Each team finished the regular season in the top-seven in passing yards and passing touchdowns, showing proficiency in throwing the football. However, the way these teams accumulated these figures was vastly different.
In the plot above, yards per reception is compared to yards after the catch per reception. Ultimately, the goal is to rack up as many yards as possible, whether this comes before the catch or after the catch. Both teams accomplished this as they each are in the top-three in the NFL for yards per catch. But, Cincinnati is above the trend line while LA is below it in this scatterplot. Let’s break down why this is the case.
Air Attack vs. YAC
As a team, the Rams have posted an average depth of target of 8.9 yards, nearly one yard more than the Bengals. Although it isn’t necessarily the case, shorter passing attacks in the NFL often result in more yards accumulated after the catch. One example of this from 2021 has been the 49ers. San Francisco led the NFL in yards per reception by over half of a yard, yet the team didn’t finish in the top-20 for average depth of target. This is only possible because the 49ers led the league in yards after the catch per reception, the only team to exceed Cincinnati’s average.
Another way this idea can be looked at is relative to the first down marker. Cincinnati has had 38.1% of its pass attempts go farther than the first down while LA has seen nearly 45% of its passes travel past the sticks. As one would anticipate, the Bengals have gained a higher percentage of their passing yards from yards after the catch than the Rams. More specifically, Cincinnati has outperformed LA in yards after the catch per reception by over one yard. Oppositely, Los Angeles has accumulated more yards through the air than Cincinnati, since air yards and yards after the catch are inversely related.
An additional factor that has contributed to the Bengals and Rams having different styles of passing is the aptness to shake off tacklers. Cincinnati has racked up over 350 receiving yards after contact more than LA, despite the Rams having 20 more catches. In a similar light, the Bengals have forced 21 more missed tackles on receptions than the Rams, contributing to their ability to pick up yards after the catch.
Comparing Skill Players
Focusing on the individual players now, average depth of target has been a differentiator between the two franchises competing for the Vince Lombardi Trophy on Sunday. Of all players with 100 or more receiving snaps, the Rams’ five qualifying wide receivers of Cooper Kupp, Robert Woods, Odell Beckham Jr., Van Jefferson, and Bennett Skowronek have all had high average depth of target figures, each finishing in the top-seven among Super Bowl players. Their deeper targets have led to fewer yards after the catch. This is especially noticeable at the tight end position, as Tyler Higbee has an average of over one yard of depth per target higher than C.J. Uzomah.

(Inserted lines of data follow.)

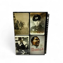 | Omschrijving | Lot van 2 fotomappen, in de mappen zitten foto's met het thema WOII, voornamelijk Nederland, o.a. vliegtuigen, soldaten en tekeningen. Ook kaarten van Hitler, o.a. met tekst '13. Marz 1938 Ein volk Ein Reich Ein Fuhrer' en enkele Eerste Wereldoorlog. |
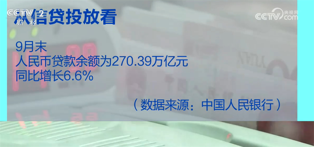 从信贷投放看,9月末,人民币贷款余额为270.39万亿元,同比增长6.6%。
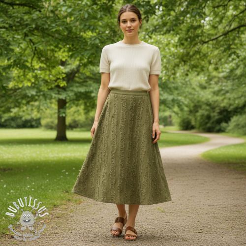 Tissu coton Lin Vintage Fringe Stripe army
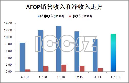 據(jù)2011年4月25日AFOP公布2011年第一季度財報顯示: 銷售收入為945萬美元,同比增長12.4%,環(huán)比下滑18.8%。凈收入約為102.1萬美元,或每股盈利12美分(基于880萬流通股),去年同期凈收入為64.1萬美元,或每股盈利8美分(基于850萬流通股),上個季度凈收入為170.1萬美元,或每股盈利20美分(基于870萬流通股)。
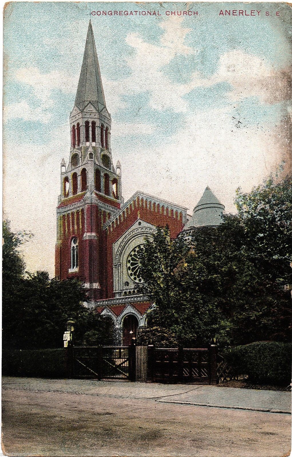 The Congregational church, in Anerley road, erected in 1874-5, built of red brick, with white brick and Bath stone dressings, in the Romanesque style, and had a tower with an octagonal spire 150 feet high: the total cost was £12,500, and there was sittings for 1,300 persons.
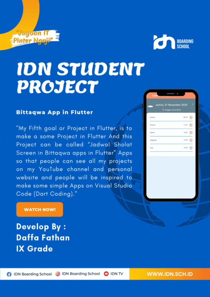 Technically, the project uses Flutter widgets, responsive layouts, and asynchronous API calls to fetch data from VPI. Every component is organized cleanly inside VS Code, following structured folders for screens, models, and services. The logic for reading prayer times is placed in a dedicated API service, ensuring clean architecture and easy future maintenance.
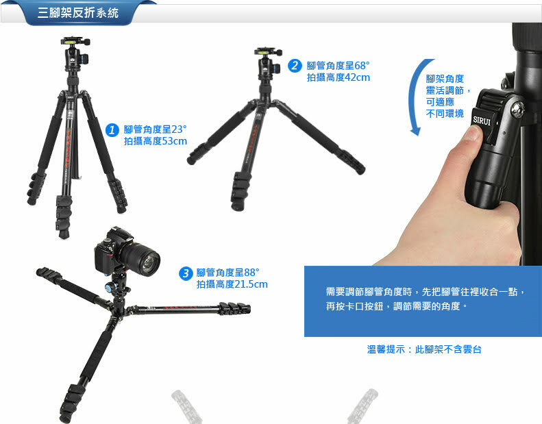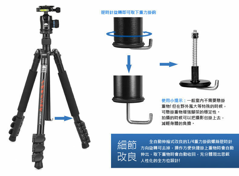 5. 三支腳都配有自動角度調節按鈕,操作快捷、方便;
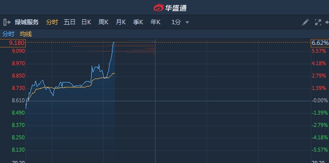 智通财经APP获悉,绿城服务(02869)获里昂看高至9.9港元,评级“买入”,盘中放量急升,突破历史新高。截至11时11分,涨6.62%,报价9.18港元,成交额6417万。
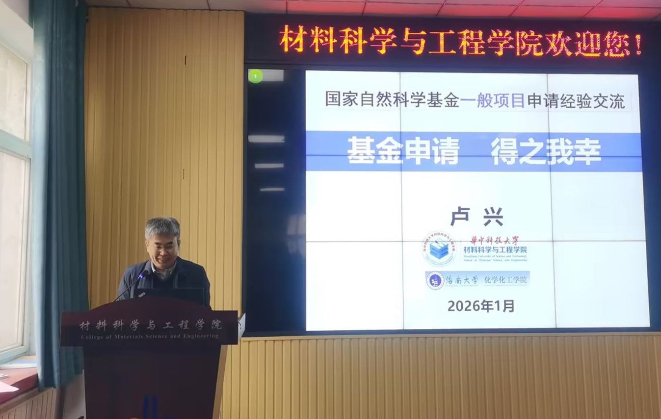 2026年1月6日上午,材料科学与工程学院在四方校区101会议室举行国家自然科学基金申请专题报告会。院长李桂村主持会议,特邀华中科技大学/海南大学卢兴教授担任主讲,四方校区百余名教师与会。卢兴教授结合其多年基金评审与指导经验,围绕基金申请新政策、评审动态及实践要点作深度解析。

Given the aforementioned information about yards after the catch, it is not unexpected that Cincinnati has the top-four players in yards after the catch per reception. Comparing the tight ends once again, Uzomah has an average of over one yard after the catch more than Higbee. Looking at receiving yards after contact, the Bengals have six of the top-seven players; only Kupp has found his way into the top-seven for LA. These numbers help reinforce the passing offenses’ different styles of attack.
In a combination of Joe Burrow’s quicker average time to throw this season, potentially an element of being under duress more than Matthew Stafford, the former LSU Tiger has a higher completion percentage than his Super Bowl quarterback counterpart. Due to the personnel and the strengths of his team, Stafford has been tasked with sitting in the pocket for longer and delivering deeper passes, on average, to his targets to lead his top-five passing offense. Burrow, on the other hand, has been asked to throw the ball shorter and quicker to his skill position players to tally passing yards. Although different in some capacity, both quarterbacks have led their high-powered offenses to Super Bowl LVI. Now only one question remains – which will hoist the Vince Lombardi Trophy, and potentially the Pete Rozelle Trophy, on Sunday?